→ YOUR INSTRUCTIONS
Exactly the lines from the start of the entries through the line with "What other benefits" are required in the output, with no pictures among them.

→ Records contained in a dataset
== == ==
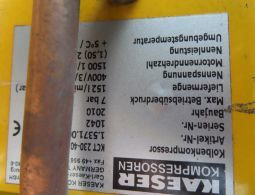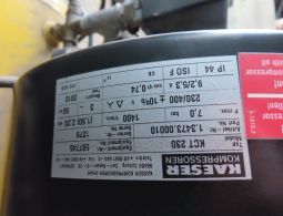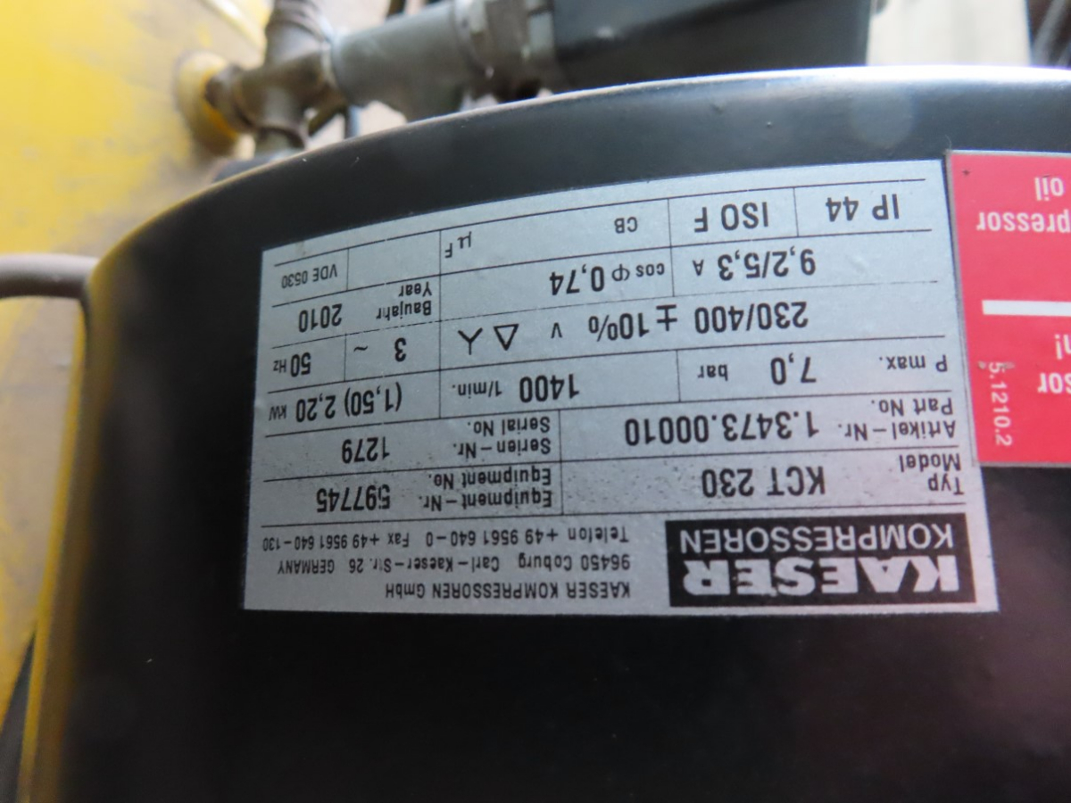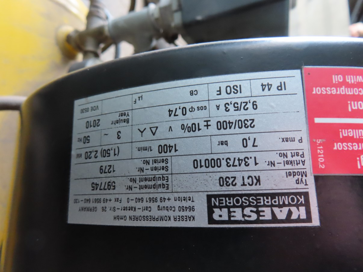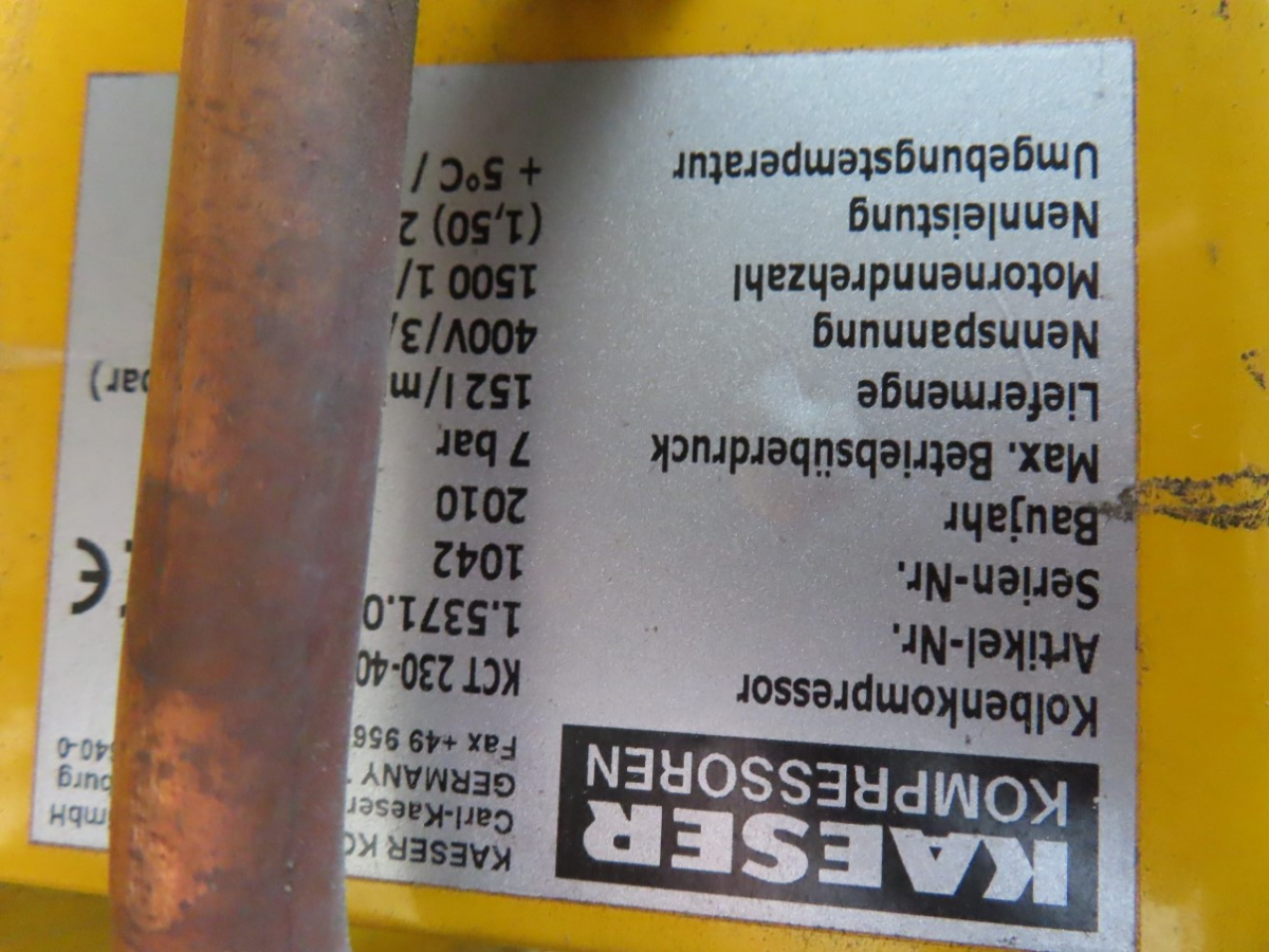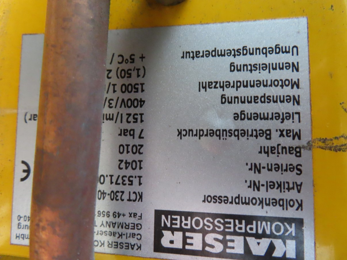 1 Industriekolbenkompressor, Fabr. Kaeser, Typ KCT 230-40, ölfrei, Serien-Nr. 1042, Baujahr 2010, max. 7 bar, 152 l/min, mit 1 Aggregat, Typ KCT 230, Serien-Nr. 1279, 7 bar, Baujahr 2010
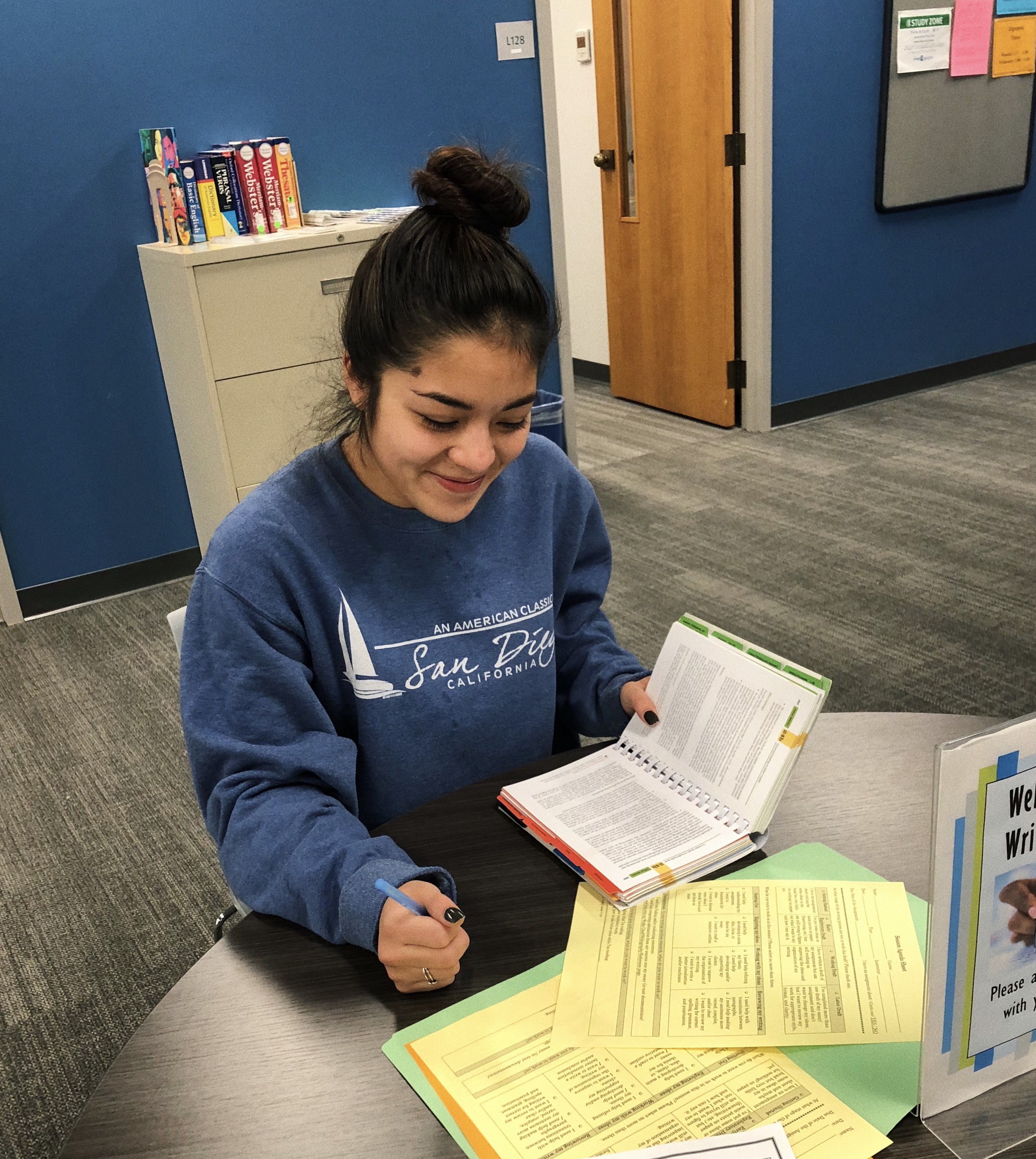 What other benefits have you gained from working in the writing center? I think that tutoring definitely expanded my knowledge of citing sources as well as expanded my resources. I didn’t know how many resources CLC offered to students such as library resources, tutors, and overall extra support like CAPS (Counseling and Psychological Services.) There was an occasion where a student came in very stressed and ready to give up on school and I knew I couldn’t let her just leave the writing center, so I suggested walking down with me to the CAPS office. (The entire tutoring staff learned about CAPS at our January kickoff meeting.)
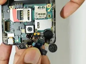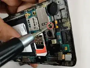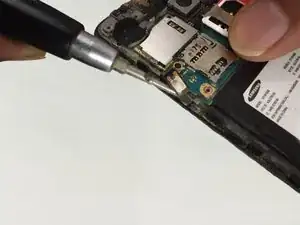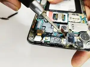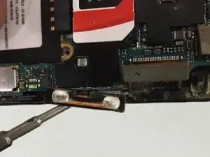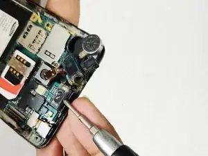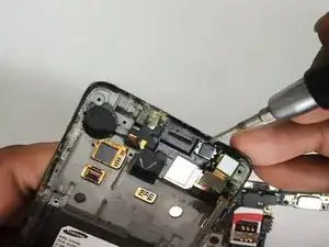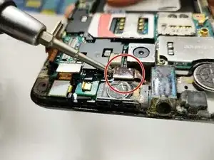 С помощью отвёртки аккуратно подденьте динамик, который приклеен к основанию двусторонним скотчем.
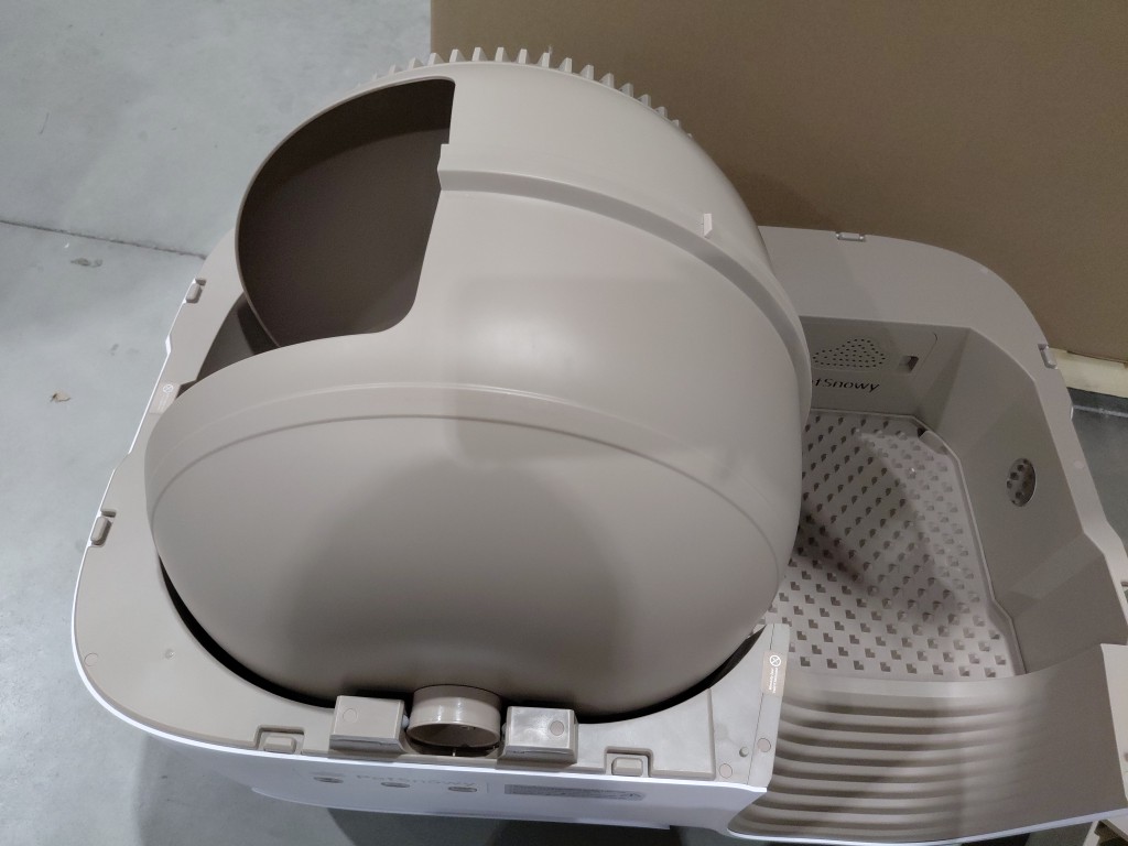 Item only rotates clock wise, is suppose to rotate both ways. Item will need to be troubleshot or repaired. Item has faint hints of litter from test, unused otherwise. Sensor indicate cat inside when no cat is inside may need to clean/troubleshoot. Item was factory reset but issue still consists. Can contact company for troubleshooting.
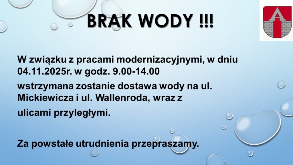 Uwaga! Brak wody! Dodano: 03.11.2025 Autor: Krzysztof Stefanek ZOBACZ TEŻ: 30.10.2025 Kongres Kobiet 30.10.2025 Uwaga – silny wiatr! 29.10.2025 Komunikat 28.10.2025 Święto Niepodległości – koncert pn. „Ojczyzno ma…” Aktualności Aktualności 23.10.2025 KOMUNIKAT ZDiT z dnia 23.10.2025 r. W związku ze zmianą czasu z letniego na zimowy (wskazówki zegarów zostanąprzesunięte z godz. 3:00 na godz. 2:00), Zarząd Dróg i Transportu informuje, iż w […] Aktualności 20.10.2025 UWAGA! Poszukiwani do współpracy: wystawcy, rękodzielnicy, producenci Ho, ho, ho! Za oknem piękna polska złota jesień, ale my już myślimy o… Aleksandrowskim Jarmarku Świątecznym. Jarmark odbędzie się 6 grudnia na placu Kościuszki, […] Aktualności 20.10.2025 KOMUNIKAT W związku z zaplanowanym koncertem zespołu Offspring w Atlas Arenie Zarząd Dróg i Transportu Informuje, iż w dniu 26.10.2025 r. (niedziela) w godz. ok. 18:30- 20:00 […] AktualnościMiasto i Gmina 17.10.2025 Informacja o polowaniach zbiorowych Gmina Aleksandrów Łódzki informuje, że zgodnie z obowiązującymi przepisami prawa koła łowieckie mają obowiązek przekazywania harmonogramów polowań zbiorowych, a gmina ma obowiązek ich ogłoszenia do […] ZOBACZ WIĘCEJ
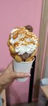 Ванильная гонконгская вафля,шарик шоколадного мороженого , взбитые сливки, конфета Сникерс, дроблёный арахис, карамельный топинг.
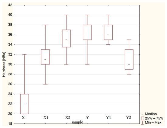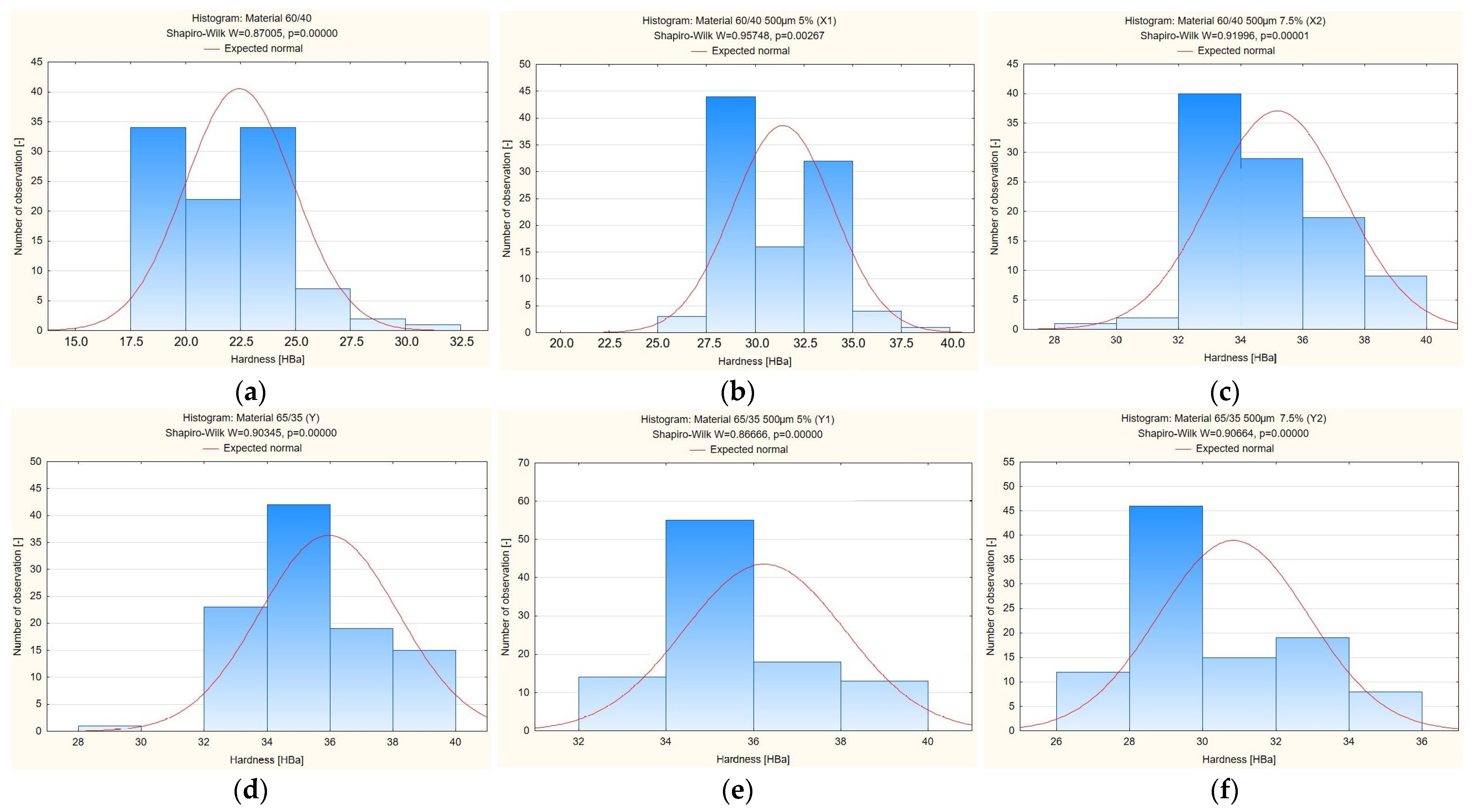 Figure 9 shows histograms of the hardness distribution for the tested composite materials. The results of the Shapiro–Wilk test (Table 6) showed that for all analysed samples, the p-values are less than 0.05, which means that the hardness variable distribution is not normal. The histograms of all samples (X, X1, X2, Y, Y1 and Y2) confirm these results—the distributions are asymmetrical, and in some cases, extreme values are visible. This means that the hardness of the tested composites does not have a normal distribution, and therefore, non-parametric tests must be used for further comparative analyses. The graphical analysis thus confirms the conclusions of the Shapiro–Wilk test presented in Table 6.
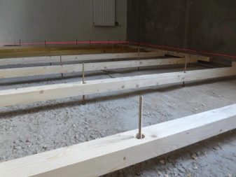يمكن وضع منتجات اللسان والأخدود الخشبية إما على جذوع الأشجار أو على دعامات خاصة (والتي سترفع الطبقة العليا من الأرضية بمقدار 7 سم فوق القاعدة). ولكن إذا كانت الغرفة ذات سقوف منخفضة ، فسيتعين عليك وضع الخشب الرقائقي هناك حتى لا تمتص الكثير من الارتفاع. يتم استخدام عوارض الدعم عندما تكون الأرضية السفلية غير مستوية للغاية. يبلغ سمك كل شعاع 10 سم على الأقل.
== == ==
→ RESPONSE BELOW
 1 Industriekolbenkompressor, Fabr. Kaeser, Typ KCT 230-40, ölfrei, Serien-Nr. 1042, Baujahr 2010, max. 7 bar, 152 l/min, mit 1 Aggregat, Typ KCT 230, Serien-Nr. 1279, 7 bar, Baujahr 2010
 What other benefits have you gained from working in the writing center? I think that tutoring definitely expanded my knowledge of citing sources as well as expanded my resources. I didn’t know how many resources CLC offered to students such as library resources, tutors, and overall extra support like CAPS (Counseling and Psychological Services.) There was an occasion where a student came in very stressed and ready to give up on school and I knew I couldn’t let her just leave the writing center, so I suggested walking down with me to the CAPS office. (The entire tutoring staff learned about CAPS at our January kickoff meeting.)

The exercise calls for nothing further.